[MATERIALS PROVIDED — start]

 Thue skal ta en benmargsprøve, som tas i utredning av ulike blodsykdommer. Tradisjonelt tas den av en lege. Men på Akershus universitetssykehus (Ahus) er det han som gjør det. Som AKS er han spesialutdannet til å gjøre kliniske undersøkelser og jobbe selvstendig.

[MATERIALS PROVIDED — finish]
[MATERIALS PROVIDED — start]

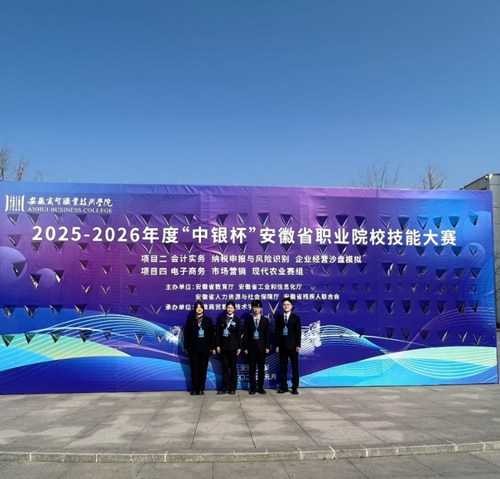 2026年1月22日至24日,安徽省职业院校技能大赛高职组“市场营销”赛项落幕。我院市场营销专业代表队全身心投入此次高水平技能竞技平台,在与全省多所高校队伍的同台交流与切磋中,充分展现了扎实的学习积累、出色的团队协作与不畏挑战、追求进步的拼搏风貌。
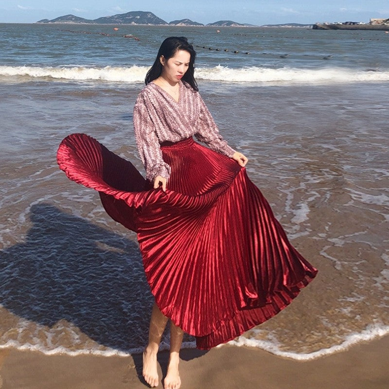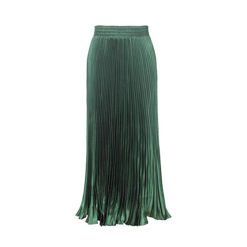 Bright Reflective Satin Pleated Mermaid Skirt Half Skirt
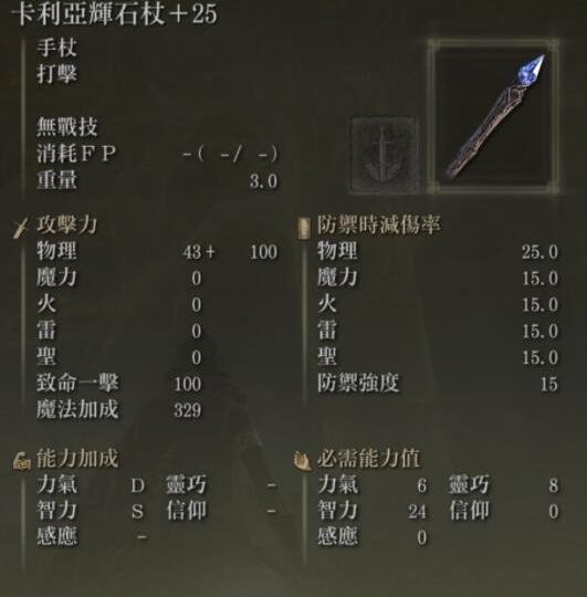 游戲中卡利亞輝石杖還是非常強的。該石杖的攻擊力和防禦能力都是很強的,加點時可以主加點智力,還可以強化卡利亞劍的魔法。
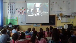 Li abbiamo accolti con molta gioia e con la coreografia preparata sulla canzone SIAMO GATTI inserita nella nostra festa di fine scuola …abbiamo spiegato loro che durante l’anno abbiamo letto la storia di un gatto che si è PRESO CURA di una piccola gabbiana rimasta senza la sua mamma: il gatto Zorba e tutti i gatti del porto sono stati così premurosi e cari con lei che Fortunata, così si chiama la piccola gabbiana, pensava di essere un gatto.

[MATERIALS PROVIDED — finish]
[MATERIALS PROVIDED — start]

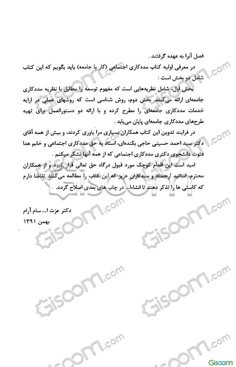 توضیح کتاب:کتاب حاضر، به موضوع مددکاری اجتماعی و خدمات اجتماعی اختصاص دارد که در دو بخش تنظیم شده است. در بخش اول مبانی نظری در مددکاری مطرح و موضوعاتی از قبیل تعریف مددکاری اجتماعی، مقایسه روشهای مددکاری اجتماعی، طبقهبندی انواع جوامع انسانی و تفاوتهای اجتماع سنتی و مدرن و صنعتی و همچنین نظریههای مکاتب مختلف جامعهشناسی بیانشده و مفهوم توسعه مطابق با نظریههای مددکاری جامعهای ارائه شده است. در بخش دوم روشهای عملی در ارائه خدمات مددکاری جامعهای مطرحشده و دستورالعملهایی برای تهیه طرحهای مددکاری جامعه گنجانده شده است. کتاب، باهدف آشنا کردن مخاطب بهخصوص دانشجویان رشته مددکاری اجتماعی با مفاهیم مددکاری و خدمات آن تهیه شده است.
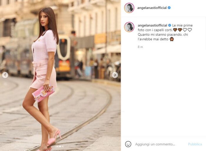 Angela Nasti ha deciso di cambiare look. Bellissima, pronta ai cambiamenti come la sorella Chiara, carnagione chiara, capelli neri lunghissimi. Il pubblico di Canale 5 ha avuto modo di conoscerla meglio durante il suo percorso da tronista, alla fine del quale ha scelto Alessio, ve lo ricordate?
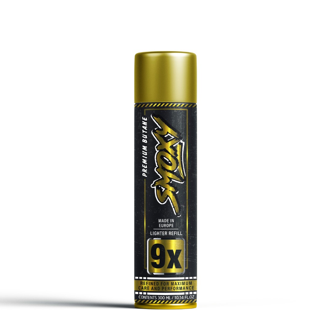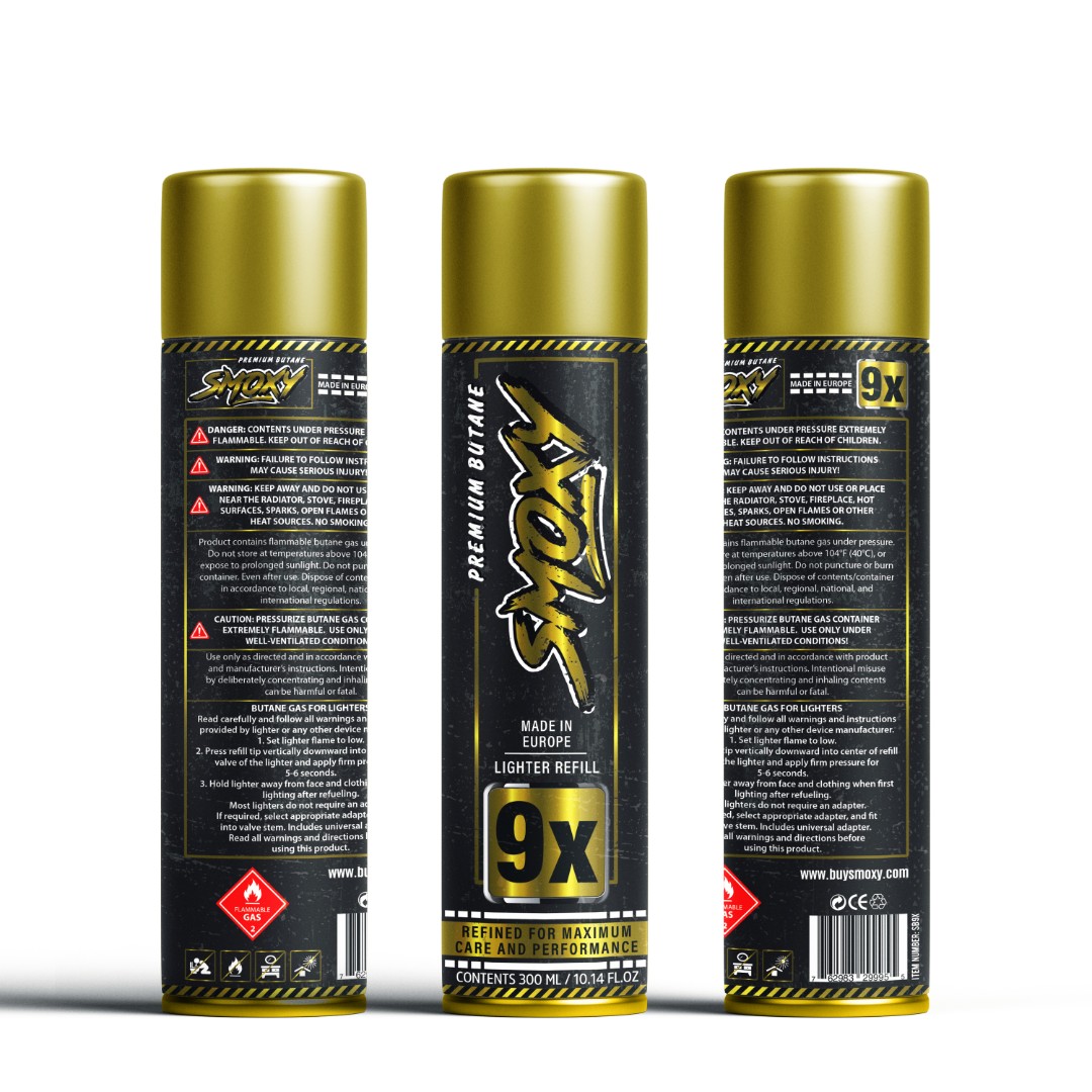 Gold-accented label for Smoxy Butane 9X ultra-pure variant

[MATERIALS PROVIDED — finish]

## WHAT IS REQUIRED
Looking above, find the stretch of lines that opens with the one holding "توضیح کتاب:کتاب حاضر،" and closes with the one holding "Gold-accented label for". Copy it exactly, pictures excluded.

## REPLY TO THE EXERCISE
 توضیح کتاب:کتاب حاضر، به موضوع مددکاری اجتماعی و خدمات اجتماعی اختصاص دارد که در دو بخش تنظیم شده است. در بخش اول مبانی نظری در مددکاری مطرح و موضوعاتی از قبیل تعریف مددکاری اجتماعی، مقایسه روشهای مددکاری اجتماعی، طبقهبندی انواع جوامع انسانی و تفاوتهای اجتماع سنتی و مدرن و صنعتی و همچنین نظریههای مکاتب مختلف جامعهشناسی بیانشده و مفهوم توسعه مطابق با نظریههای مددکاری جامعهای ارائه شده است. در بخش دوم روشهای عملی در ارائه خدمات مددکاری جامعهای مطرحشده و دستورالعملهایی برای تهیه طرحهای مددکاری جامعه گنجانده شده است. کتاب، باهدف آشنا کردن مخاطب بهخصوص دانشجویان رشته مددکاری اجتماعی با مفاهیم مددکاری و خدمات آن تهیه شده است.
 Angela Nasti ha deciso di cambiare look. Bellissima, pronta ai cambiamenti come la sorella Chiara, carnagione chiara, capelli neri lunghissimi. Il pubblico di Canale 5 ha avuto modo di conoscerla meglio durante il suo percorso da tronista, alla fine del quale ha scelto Alessio, ve lo ricordate?
 Gold-accented label for Smoxy Butane 9X ultra-pure variant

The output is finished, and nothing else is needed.